* Task directions
Take nothing but the lines from the one with "Vitt linne med" through the one with "Serra Copo Alvenaria" in the entries below, both ends kept, and return them exactly with pictures left out.

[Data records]
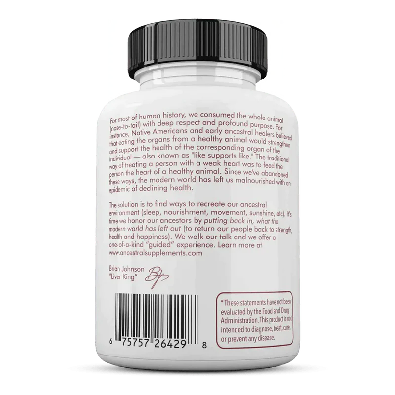 Ancestral Supplements gelooft in de kracht van voeding zoals de natuur het bedoeld heeft. Het merk biedt hoogwaardige organen- en orgaanvlees supplementen, afkomstig van grasgevoerde runderen uit Nieuw-Zeeland. Geïnspireerd door de wijsheid van onze voorouders, streeft Ancestral Supplements ernaar om essentiële voedingsstoffen in hun meest pure en biologische vorm toegankelijk te maken. Of het nu gaat om lever, hart of bijnier, elk supplement is zorgvuldig samengesteld om optimale gezondheid, energie en vitaliteit te ondersteunen. Kies voor Ancestral Supplements en voed je lichaam op de manier waarop het van nature bedoeld is.
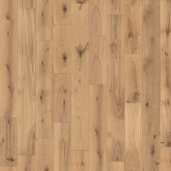 Parquet massif en chêne teinté, huilé ou verni selon les teintes. Avec 4 chanfreins. Rainure et languette. Pose collée obligatoire.
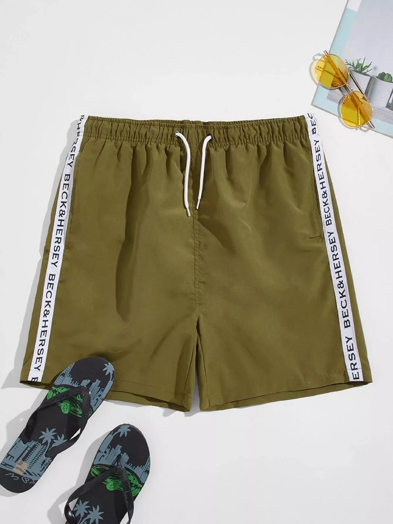 Men - Men Letter Tape Drawstring Swim Shorts
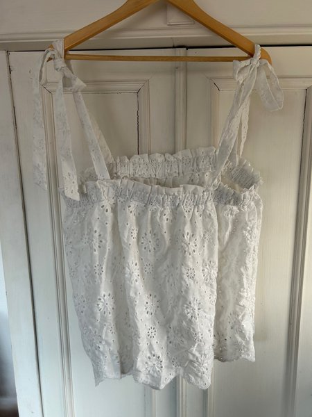 Vitt linne med broderade detaljer över hela plagget. Toppen har knytband vid axlarna och resår upptill för en bekväm passform. Designen inkluderar en volangkant längs överkanten. Onesize
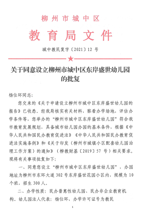 城中教民复字〔2021〕12号关于同意设立柳州市城中区东岸盛世幼儿园的批复
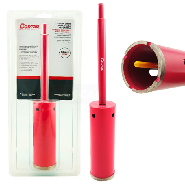 Serra Copo Alvenaria Diamantado Com Haste E Pino 53mm 61899 Profissional - Cortag
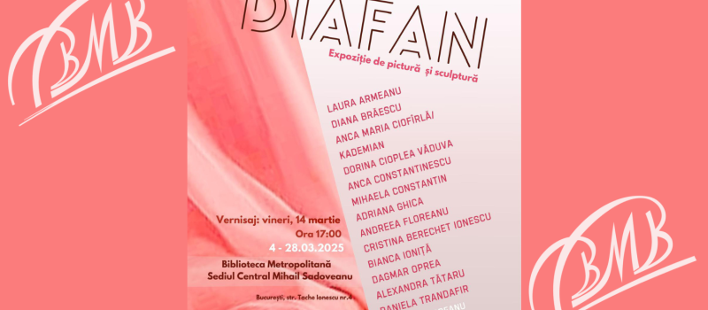 Primăria Municipiului București (PMB), prin Biblioteca Metropolitană București (BMB) are plăcerea să anunțe vernisajul expoziției „Diafan”, care va avea loc vineri, 14 martie 2025, la Sediul Central „Mihail Sadoveanu” din str. Tache Ionescu, nr. 4. Această expoziție reunește lucrările a treisprezece artiste talentate: Laura Armeanu, Diana Brăescu, Anca Ciofîrlă, Dorina Cioplea Văduva, Anca Constantinescu, Mihaela Constantin, Adriana Ghica, Andreea Floreanu, Cristina Berechet Ionescu, Bianca Ioniță, Dagmar Oprea, Alexandra Tătaru și Daniela Trandafir.

* Exercise answer
 Vitt linne med broderade detaljer över hela plagget. Toppen har knytband vid axlarna och resår upptill för en bekväm passform. Designen inkluderar en volangkant längs överkanten. Onesize
 城中教民复字〔2021〕12号关于同意设立柳州市城中区东岸盛世幼儿园的批复
 Serra Copo Alvenaria Diamantado Com Haste E Pino 53mm 61899 Profissional - Cortag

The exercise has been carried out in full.